A Desindustrialização da Bahia

18 de outubro de 2017, Nenhum comentário

Autor: Armando Avena (jornalista e economista)

A Bahia está se desindustrializando. Esta coluna já fez a mesma afirmação há cerca de dois anos, mas o problema é que o processo vem se acelerando. A crise econômica afetou as indústrias de todos os estados brasileiros, mas na Bahia a queda foi muito mais acentuada, o que significa que estamos reduzindo nossa posição no ranking dos estados mais industrializados do país.

No primeiro semestre de 2017, por exemplo, enquanto a indústria nacional cresceu 0,5%, a indústria baiana registrou uma queda de 7,4% , a maior redução entre todos os Estados pesquisados pelo IBGE. No mesmo período, estado de Santa Catarina, que recentemente superou a Bahia, tornando-se o 6o maior PIB do Brasil, cresceu 3,3%, enquanto estados do Nordeste, como Ceará e Pernambuco, cresceram 0,6%.

A desindustrialização que vem ocorrendo na Bahia não é, todavia, um problema conjuntural, é um problema estrutural que precisa ser discutido para que possa ser estancado. A indústria baiana está perdendo importância relativa tanto em relação aos demais estados da federação quanto internamente, na formação do PIB baiano. Em 2010, a indústria como um todo representava 26,5% do PIB da Bahia e era o setor que mais crescia, sete anos depois representa cerca de 20% e sua produção vem caindo mês a mês a dezesseis meses seguidos.

A produção da indústria de transformação, que é o principal segmento do setor industrial, com empresas petroquímicas, montadoras de automóveis e outras, vem despencando ano a ano, com muitas empresas fechando e outras reduzindo a produção. A indústria de transformação baiana, que em 2004 representava 16,5% do PIB, reduziu sua participação para 13,9% em 2010, e deve fechar 2017 representando cerca de 9% na formação do PIB baiano. Isso significa que o estado está se desindustrializando de forma acelerada.

E, se internamente a perda de posição é nítida, em relação aos demais estados da federação é dramática. A Bahia perdeu posição no PIB do Brasil, reduziu sua participação no PIB do Nordeste e, embora ainda se mantenha como sétima província industrial do país, a produção industrial cresce menos que outros estados, como Santa Catarina e Goiás. Em 2010, a Bahia gerava 4,1% da produção industrial do Brasil e 45% do Nordeste, mas foi gradualmente perdendo posição e em 2015 gerou cerca de 3,5% da produção industrial brasileira e aproximadamente 40% da produção nordestina.

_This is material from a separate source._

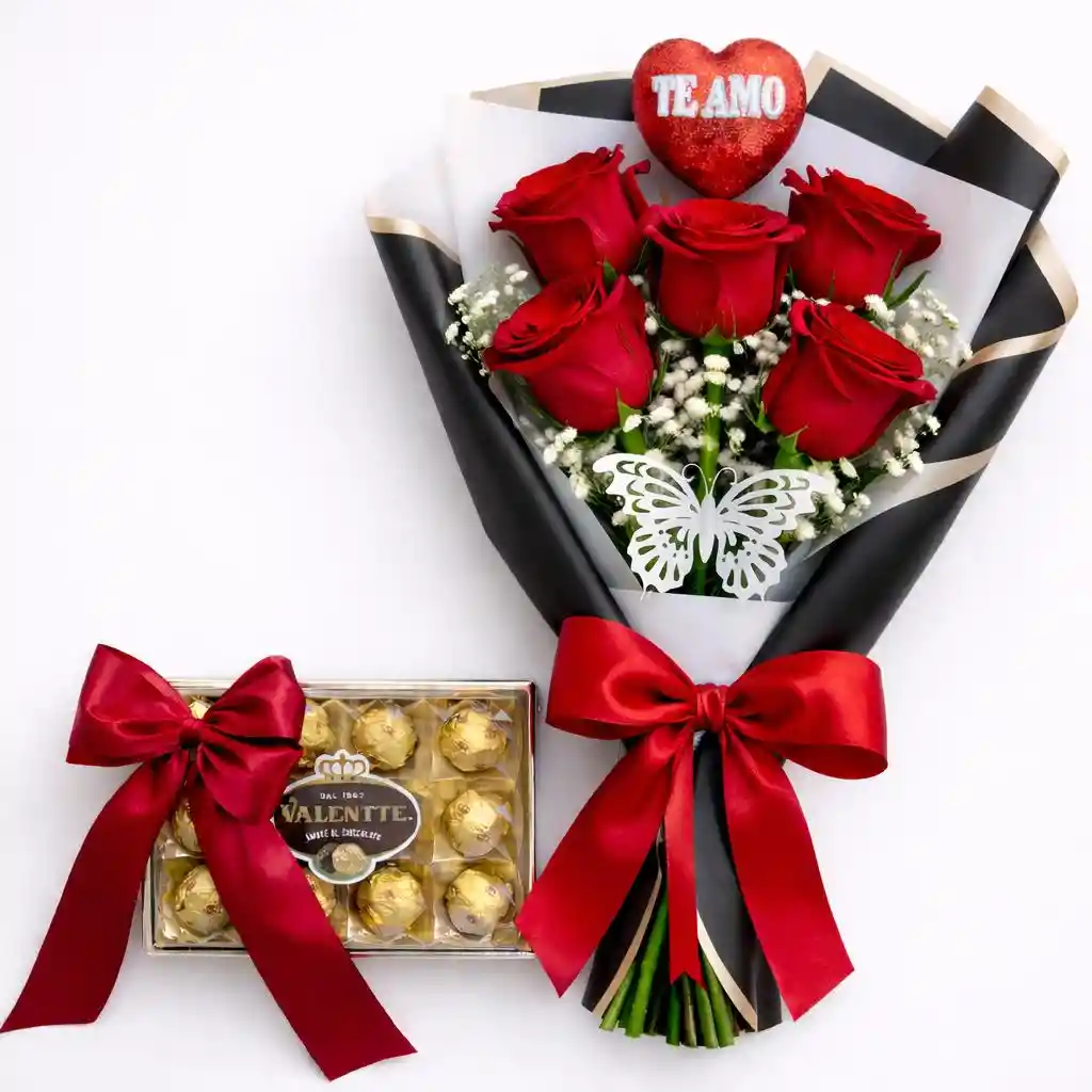 PACK DIA DEL AMOR 5 ROSAS MAS CAJA CHOCOLATE

O fato é que a Bahia está se desindustrializando e ficando um estado cada vez mais dependente do setor serviços – grande parte dele caracterizado pela baixa complexidade e qualificação – e da administração pública, que elevou sua participação na formação do PIB baiano para mais de 20%. Ou seja, na Bahia o setor público tornou-se mais importante do que o setor industrial. O processo de desindustrialização do Estado vem se dando em várias frentes, comandada pela redução na produção de petróleo da Refinaria Landulpho Alves, pela obsolescência de parte do setor petroquímico, com exceções como a Braskem, Basf e outras, pela falta de competitividade das empresas em função dos gargalos logísticos e pelos altos preços das matérias-primas e da energia.

A Bahia ainda é o maior estado industrial do Nordeste, mas frente ao quadro atual o governo do Estado e a Federação das Indústrias do Estado da Bahia – FIEB precisam mobilizar as lideranças empresariais, elaborar planos e propostas para atrair empresas e estimular o empresariado local a investir para assim recuperar a pujança do setor, afinal, se nada for feito a força industrial da Bahia pode se esvair rapidamente.